• Research

    Clinical trials are a way of ‘paying it forward’ to your own community

By Kathi Hansberry, Mayo Clinic Community Engagement in Research Advisory Board member

Editor's note: Mayo Clinic advances health equity by involving communities in research that addresses their health concerns and aims to reduce health disparities. This article is the second in the Raising Up Community Voices in Research series. This series is written by community members who collaborate with Mayo Clinic researchers on community-driven medical research.

In this article, Kathi Hansberry shares her thoughts and experiences on the importance of increasing the number of Black people who participate in clinical trials. Hansberry is a nurse and a longtime member of the Mayo Clinic Community Engagement in Research Advisory Board in Jacksonville, Florida. This board brings together people with broad experience relevant to medical research, including scientific and cultural knowledge. The board provides consultation and guidance to Mayo researchers on the design, conduct and dissemination of their research.

Kathi Hansberry

My nearly 40-year career as a nurse has given me the opportunity to work in a variety of medical specialties. Nursing has been such a rewarding profession because I can see the direct benefit of caring for my patients, meeting their needs and contributing to optimal levels of health.

I became involved in research more than 10 years ago when another member of Mayo's Community Engagement in Research Advisory Board asked me if I would consider joining. I was pleased to accept the invitation because I saw it as an opportunity to learn more about how to meet the needs of patients through research.

What I wish more Black patients and their families knew about organ donation — and about clinical trials

A 2019 meeting of the Mayo Clinic Community Engagement in Research Advisory Board in Jacksonville, FL. Kathi Hansberry is pictured (center) wearing a green jacket. This picture was taken prior to the COVID-19 pandemic.

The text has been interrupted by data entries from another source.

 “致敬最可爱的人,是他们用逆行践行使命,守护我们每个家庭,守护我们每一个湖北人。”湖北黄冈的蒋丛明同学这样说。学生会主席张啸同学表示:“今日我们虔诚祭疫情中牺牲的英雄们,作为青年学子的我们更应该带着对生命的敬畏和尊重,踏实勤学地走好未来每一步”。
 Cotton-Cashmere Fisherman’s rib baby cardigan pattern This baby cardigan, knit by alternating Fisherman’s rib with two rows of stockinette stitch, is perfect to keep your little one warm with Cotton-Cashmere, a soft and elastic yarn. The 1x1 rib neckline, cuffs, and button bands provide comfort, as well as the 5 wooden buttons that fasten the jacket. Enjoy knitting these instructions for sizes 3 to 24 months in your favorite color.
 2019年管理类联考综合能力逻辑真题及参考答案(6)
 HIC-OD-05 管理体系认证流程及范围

During my nursing career, I've been part of health care teams working with families whose loved ones were declared brain dead. And I've seen families struggle with the decision of whether to consider organ and tissue donation for a loved one.

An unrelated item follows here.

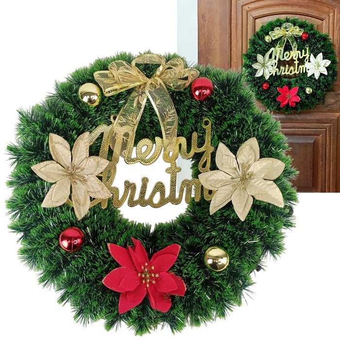 Guirlanda Natal Grande Natalina Enfeite Luxo Porta Janela Loja Casa Comercio Shopping Decoraçao Merr Verde, dourado e vermelho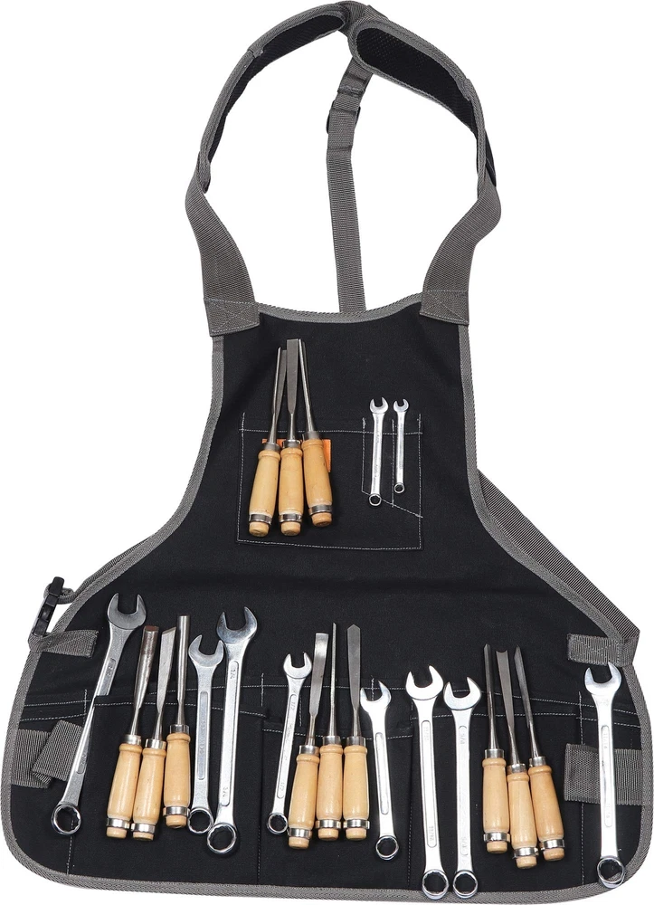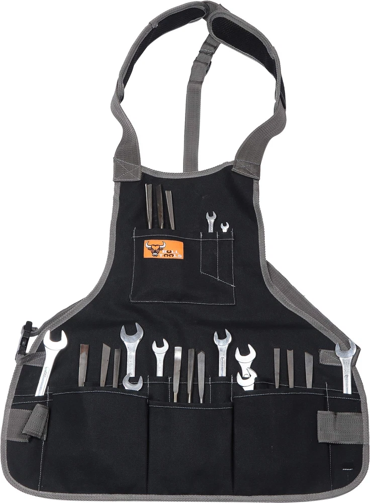 BULL TOOLS Bt 19-1103 Heavy Weight 15 Oz. Dyed Duck Cotton Canvas 16 Pocket Utility Smart Tool Waist Apron - Coal Black - (Tools are not included) Be prepared for all of your jobs with the Sixteen pockets and two hammer loops on this Super Waist Apron. Made of heavy-duty Duck wear canvas, the Super Waist Apron is designed to last under everyday use. This handy shop accessory will become a must-wear while you work. The larger pockets fit tape measures, nails, screws, and more while smaller pockets are ideal for rules, pencils, screwdrivers and other hand tools. Features a quick-release belt closure lets you transition from shop to home in seconds. The one size fits most design accommodates waist sizes up to 52". Made with heavy-duty Duckwear canvas, the SuperWaist Apron features 16 assorted tool and fastener pockets. It is designed with 2 web hammer loops on each side This apron is ideal for professional carpenters and DIY projects alike. Can fit up to a 52-inch waist. The waist strap is fully adjustable with a quick-release buckle. Shipping from the USA All of our products are shipped from the USA, ensuring quick delivery to your destination. Payment We offer the following payment methods: PayPal, credit card, bank transfer, and eBay's secure payment system. Free Shipping & Free Returns Shipping within the USA is FREE. Additionally, any return is absolutely free for you. Risk-Free Purchase You have the option to return an item within 30 days without any justification. We cover the return shipping costs! Fast Shipping We ship immediately upon receipt of payment. Generally, the package is delivered within 2-3 days in the USA. If it takes longer, we will contact you. Quality and Costs Made in Europe, USA, China No customs fees or additional charges Total satisfaction guarantee Invoice with declared VAT available upon request in .pdf format Feedback Your feedback is very important to us. After you pay for your purchase, you will automatically receive positive feedback from us.

While I've been on the board, I've seen similar struggles in people trying to decide if they should participate in clinical trials. The situations have a lot in common, and I've observed that Black patients and families are often similarly reluctant to participate in organ donation and clinical trials.

Why? I think there's a lack of trust in the health care system and a widely held perception that the system is not set up to benefit Black people.

I would often think how I wished these families knew the number of Black patients on transplant waiting lists. Would it change their decision if they knew there was a high likelihood that their organ or tissue donation might benefit another Black person in their community? Would it help them to hear that information from a Black nurse like me?


There are a lot of families who feel comforted knowing that a loved one's death can mean new life for someone else. I want Black families to experience that comfort.

The same thing is often true when it comes to clinical trials. Clinical trials are used to find solutions for unmet patient needs, and they have the greatest benefit when people of all races and ethnicities are represented. So for clinical trials to benefit everyone, it's important for Black people to participate.

Unfortunately, Black people are often reluctant to do so. They remember the Tuskegee syphilis experiment, where Black males were untreated for syphilis and given placebos instead of treatment. This unethical testing led many Black people to distrust the system. These worries have persisted, even though processes are now in place in research to prevent participants from being taken advantage of.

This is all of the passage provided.